Malaria not only kills, it also impoverishes, suppressing economic growth in Africa by up to 1.3 percent a year, a study released last year by the World Health Organization said. Had malaria been eradicated 35 years ago, the study said, sub-Saharan Africa's gross domestic product now would be $100 billion, or 32 percent, larger.

But the fight against the disease is losing ground. Anti-malaria drugs are losing effectiveness as resistant strains develop around the world, according to the WHO. Eradication of parasite-carrying mosquitoes with such agents as DDT carries environmental concerns. Attempts to develop a vaccine have failed. Research is underfunded, because malaria is a relatively small problem in the developed world. Pharmaceutical companies have limited economic incentive to develop drugs aimed at a market in the developing world.

The Johns Hopkins Malaria Institute will "wipe the slate clean," Sommer said, and take a fresh look at the malaria problem with new scientific tools, such as genetic sequencing and bioinformatics, that are just being developed and applied in other areas.

"We will bring together outstanding young scientists from multiple disciplines, not necessarily malaria experts," Sommer said. "We'll teach them about malaria and put them together in a critical mass, the goal being an innovative vaccine" and other new anti-malarial drugs.

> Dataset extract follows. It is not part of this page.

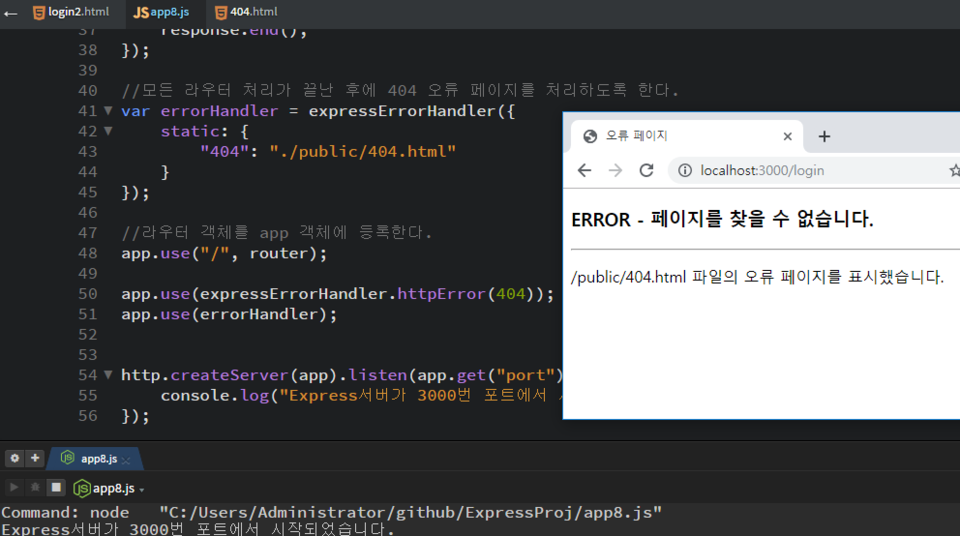 - 예상치 못한 오류를 처리할 수 있는 미들웨어도 있다. express-error-handler가 이 기능을 수행해준다.

The institute will open with four lead researchers already on the faculty of the Bloomberg School, and will add three or four a year for several years, plus associated research personnel and graduate students, Sommer said. The researchers will be specialists in such fields as immunology and vaccine development; statistical analysis of genetic data and populations studies; the biology of malaria parasites and their mosquito hosts; and molecular parasitology. The institute will also establish core service centers to study the genome of the parasite and the mosquito; the proteins produced by genes in the parasite, the mosquito and humans; and what happens to cells during the life cycle of the parasite and the course of the disease.

Researchers at the Johns Hopkins Malaria Institute will collaborate with scientists across the United States and around the world and with WHO's "Roll Back Malaria" program, aimed at halving the disease's worldwide impact by 2010, Sommer said.

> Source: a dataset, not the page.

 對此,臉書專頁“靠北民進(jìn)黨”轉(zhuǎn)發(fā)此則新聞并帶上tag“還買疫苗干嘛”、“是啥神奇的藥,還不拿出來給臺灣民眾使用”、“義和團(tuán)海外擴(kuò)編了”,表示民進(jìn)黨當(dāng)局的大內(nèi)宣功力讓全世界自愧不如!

The gift funding the institute is not designated as endowment and will be spent over 10 years to maximize its impact, Sommer said. The institute is expected to attract additional funding from government and private sources, he said.

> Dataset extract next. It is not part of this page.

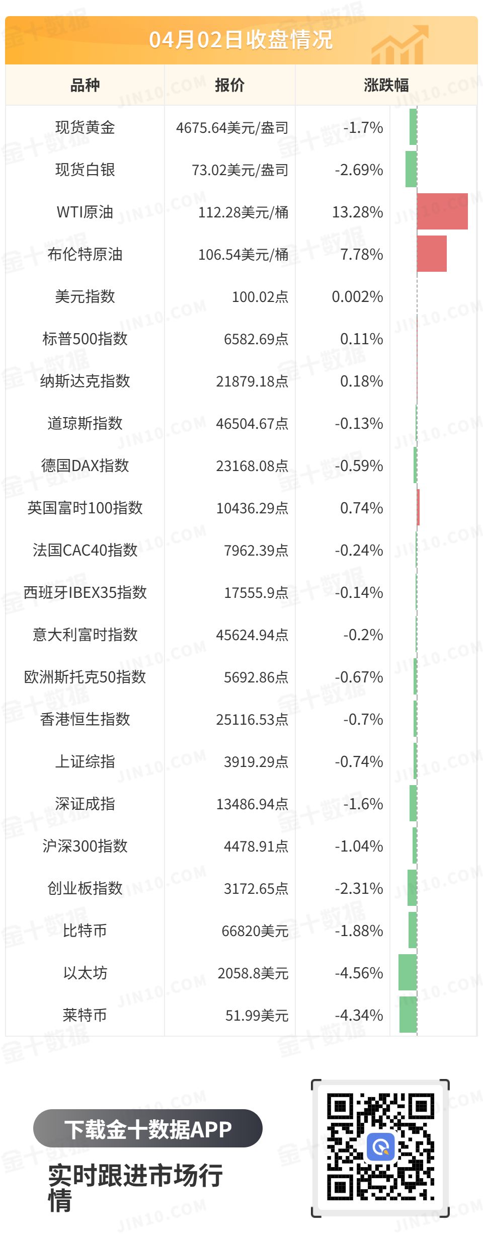 ①特朗普全国讲话并未让市场相信战争即将结束、霍尔木兹海峡问题会得到解决,油价暴涨。

The $100 million gift matches the largest previous gift in Johns Hopkins history, the $100 million given by alumnus and news media entrepreneur Michael Bloomberg during the recent Johns Hopkins Initiative campaign. Bloomberg's gift benefitted all the university's schools. The School of Public Health, which received the largest share, was renamed last month in recognition of Bloomberg's devotion to an organization that has traditionally had difficulty attracting financial support commensurate with its impact on world health.